It was, as I have said, "The Star" that first attracted me to Wells. It was "The Sea-Lady" who introduced me to him personally. It was in the back room of a little Italian restaurant in New York, one of those sixty-cent table d'hôtes where rich soup and huge haystacks of spaghetti serve to conceal the meagerness of the other five courses. Here foregathered for years a group of Socialists, near-Socialists, and others of less definable types, alike in holding the belief that the world could be moved and ought to be, but disagreeing agreeably as to where the fulcrum could be placed and what power should move the lever. We called ourselves the "X Club", partly because the outcome of such a combination of diverse factors was highly problematical, partly perhaps in emulation of the celebrated London X. One evening some ten years ago, as I came late to the dinner, I noticed that the members were not all talking at once, as usual, but concentrated their attention upon a guest, a quiet, unassuming individual, rather short, with a sunbrowned face, tired eyes, and a pessimistic mustache—a Londoner, I judged from his accent. Then I was introduced to him as "The man who knows all your works by heart, Mr.
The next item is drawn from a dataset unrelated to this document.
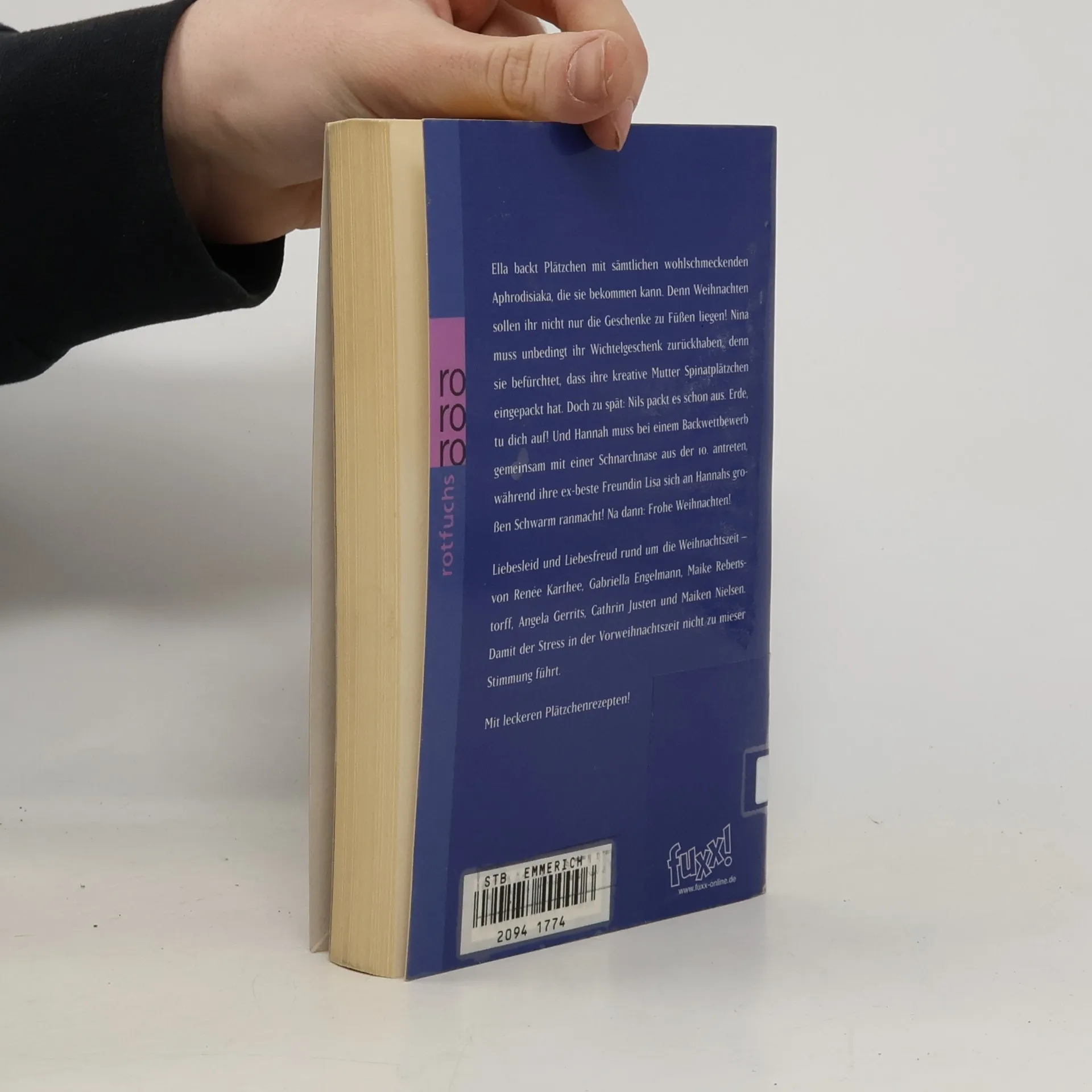 Ella backt Plätzchen mit sämtlichen wohlschmeckenden Aphrodisiaka, die sie bekommen kann. Denn Weihnachten sollen ihr nicht nur die Geschenke zu Füßen liegen! Nina muss unbedingt ihr Wichtelgeschenk zurückhaben, denn sie befürchtet, dass ihre kreative Mutter Spinatplätzchen eingepackt hat. Doch zu spät: Nils packt es schon aus. Erde, tu dich auf! Und Hannah muss bei einem Backwettbewerb gemeinsam mit einer Schnarchnase aus der 10. antreten, während ihre ex-beste Freundin Lisa sich an Hannahs gro-ßen Schwarm ranmacht! Na dann: Frohe Weihnachten! Liebesleid und Liebesfreud rund um die Weihnachtszeit – von Renée Karthee, Gabriella Engelmann, Maike Rebens-torff, Angela Gerrits, Cathrin Justen und Maiken Nielsen. Damit der Stress in der Vorweihnachtszeit nicht zu mieser Stimmung führt. Mit leckeren Plätzchenrezepten!

Wells." This disconcerting introduction was their revenge for my too frequent quotation in debate. The reason, I suppose, for the old saying, "Beware the man of one book", is because he is such a bore.
Mr. Wells appeared to take the introduction literally and began to examine me on the subject. "Did you ever read 'The Sea-Lady'?" I happily was able to say I had, and was let off from any further questions, for he said that he had never met but two persons before who admitted having read the book. I am glad he did not ask me what it meant, for while I had an opinion on the subject, it might not have agreed with his.
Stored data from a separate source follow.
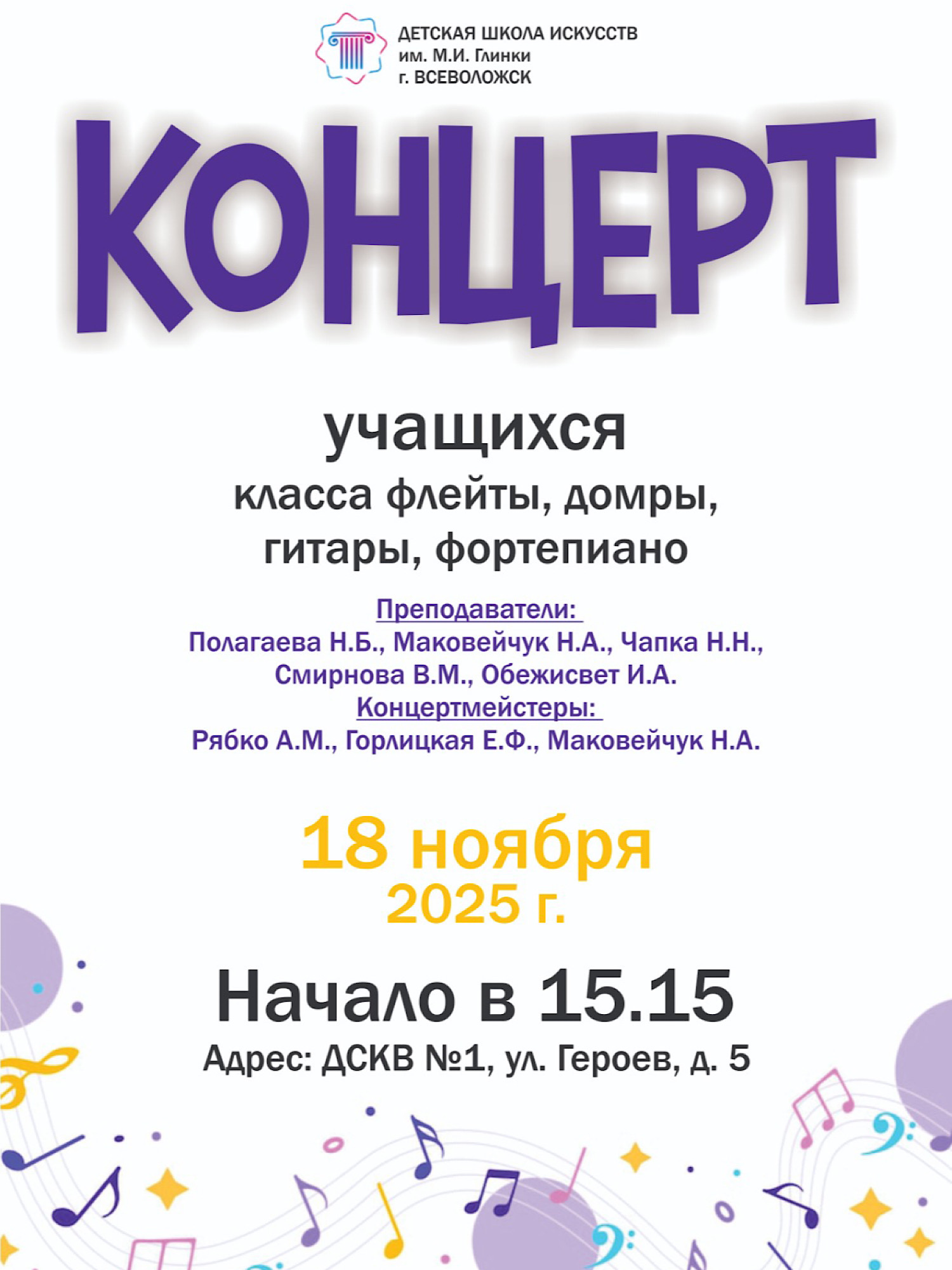 8 ноября в концертном зале МБУДО "ДШИ им. М. И. Глинки г. Всеволожск" прошел замечательный концерт учащихся и студентов класса домры Исаковой Ирины Игоревны из Сосновоборской детской школы искусств "Балтика" и Санкт-Петербургского музыкального училища им. М. П. Мусоргского.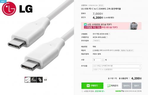 [네이버쇼핑] LG USB PD C to C 23AWG 고속 충전케이블 1M (4,200원/2,500원)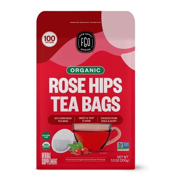 FGO Organic Rosehips Tea, Eco-Conscious Tea Bags, 100 Count, Packaging May Vary (Pack of 1)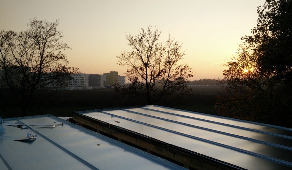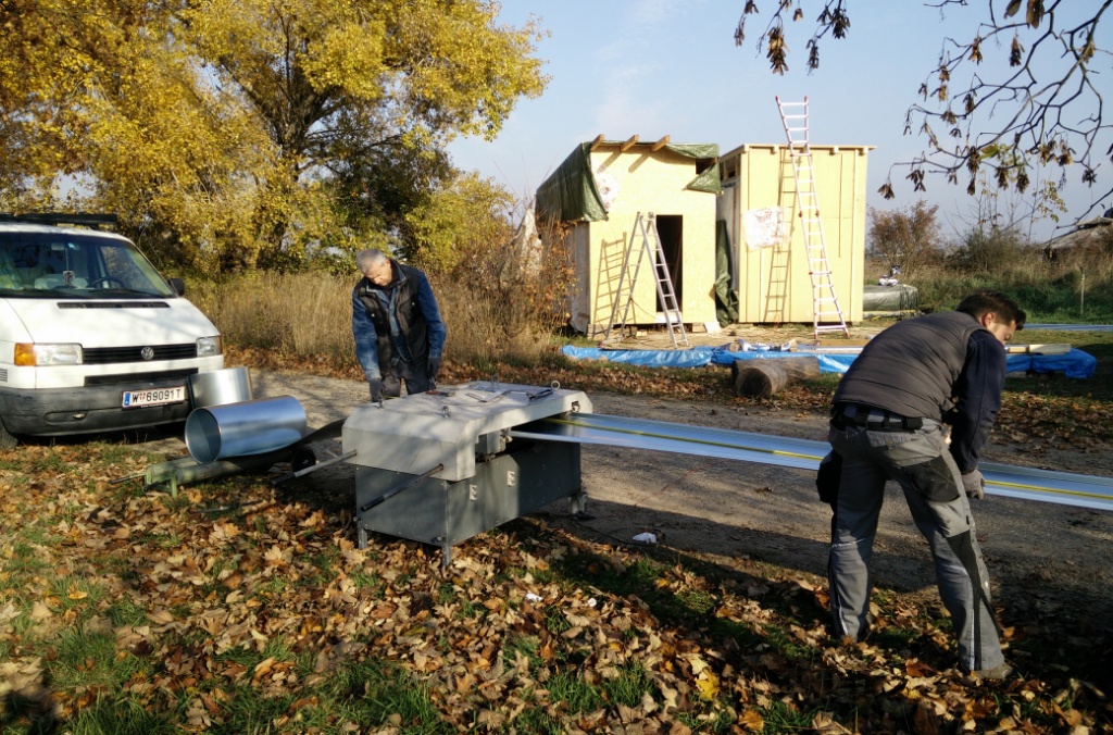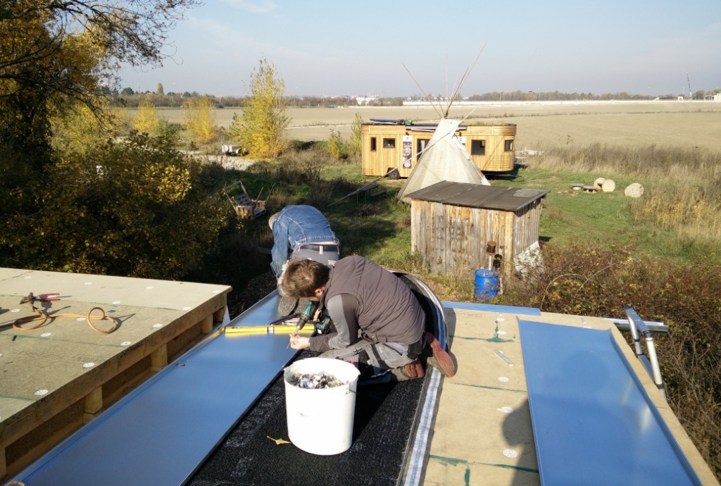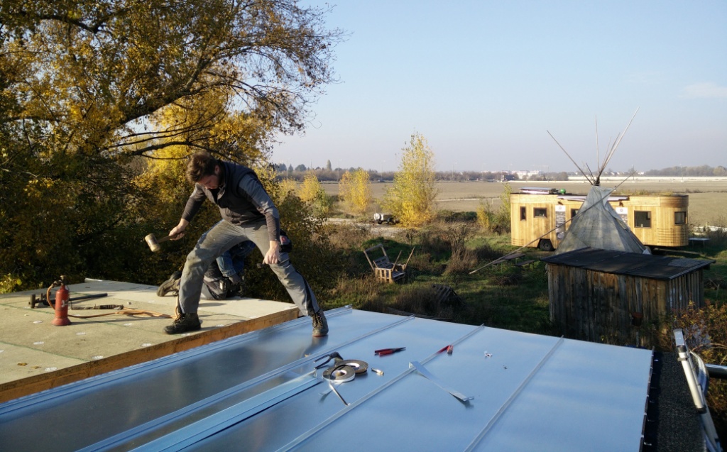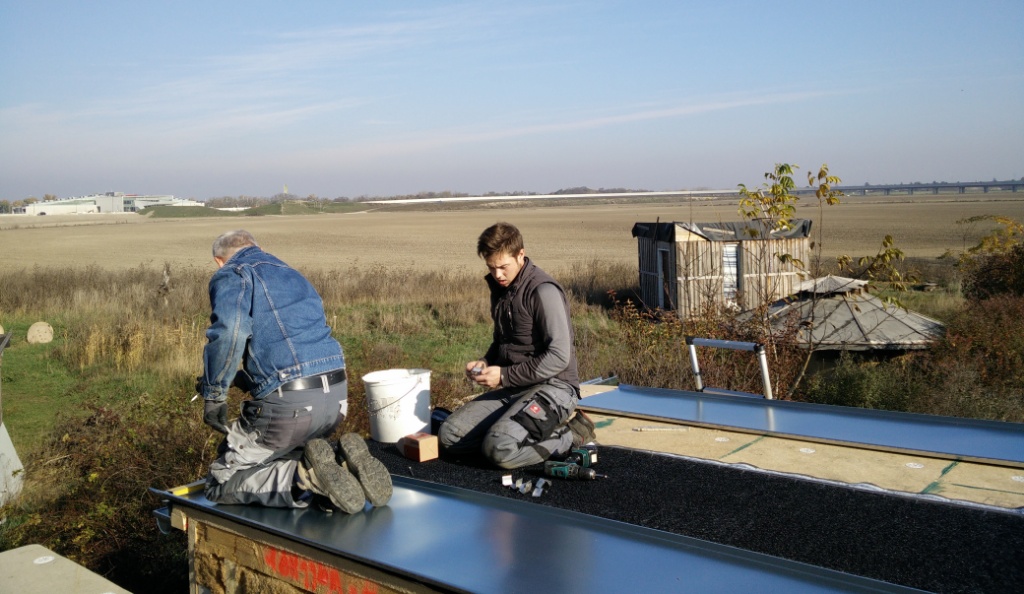 Gestern war ein richtig prächtiger warmer Herbsttag, genau richtig um mit dem Aufbringen des Blechdachs zu beginnen. Die Spengler machen einen großartigen Job und ich lerne wie ein Stehfalzdach gebaut wird. Faszinierende und sehr ausgefeilte traditionelle Technik. Effektiv mit einem Minimum an Material- und Ressourcen Einsatz.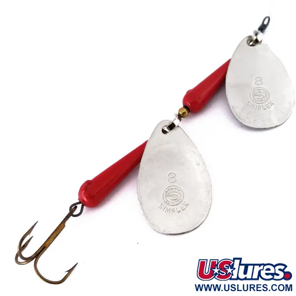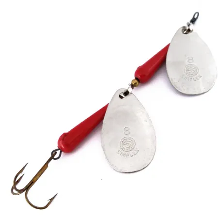 Ant nikeliuotų lapelių įspaustas klasikinis „SIMPLEX“ logotipas ir skaičius „8“ žymi šią Italijoje pagamintą Panther Martin Simplex Tandem sukriukę (prekės kodas 10546) kaip vertingą vintažinį modelį. 14 g (1/2 oz) svorio ir 10 cm (4") ilgio tandeminės sukriukės konstrukcija pasižymi dviem atskirais lapeliais, sumontuotais ant vienos vielinės ašies. Tarp šių lapelių ir gale esančio trišakio kabliuko sumontuoti kūginiai, ryškiai raudoni korpusai, atskirti mažais žalvariniais karoliukais. Skirtingai nuo standartinės vieno lapelio sistemos, ši konfigūracija padvigubina nikelio dangos matomumą ir atspindžius vandenyje. Šis konkretus egzempliorius yra nenaudotas, išlaikęs nepriekaištingą gamyklinę būklę nuo ašies iki pat kabliuko. Metalinės dalys išliko blizgios, pabrėždamos meistriškumą, būdingą šiems vidurio amžiaus Italijos eksporto gaminiams. Kiekvienas lapelis sukasi tiesiai aplink ašį – tai firminė dizaino savybė, leidžianti išvengti atskiro lankelio naudojimo. Aštrus trišakis kabliukas saugiai pritvirtintas gale, puikiai tinka žvejybai stiprioje srovėje ar giliose duobėse.

Then we turned the tables on Mr. Wells and for the rest of the evening asked him questions and criticized his views; all of which he took very good-naturedly and was apparently not displeased thereby, since in the book about his trip, "The Future in America", he expressed disappointment at not finding in Washington any "such mentally vigorous discussion centers as the New York X Club."
Five years later I had another glimpse of Mr. Wells, this time a jolly evening at his home, where he kept his guests, a dozen young men and women, entertained, first by playing on the pianola, which he bought at the suggestion of Mr. Shaw; afterward by improvising a drama for the occasion, the star rôle being taken by his wife, whom I had seen a few days before marching in the great London suffrage procession. Mr. Wells's home differs from most London houses in having a view and a park. The back windows look over all the sea of houses, the shipping in the Thames, and, smoke permitting, the Surrey hills beyond. On the other side of the house five minutes' walk uphill brings one to Hampstead Heath, the largest of London's public places, which serves Mr. Wells for his long walks.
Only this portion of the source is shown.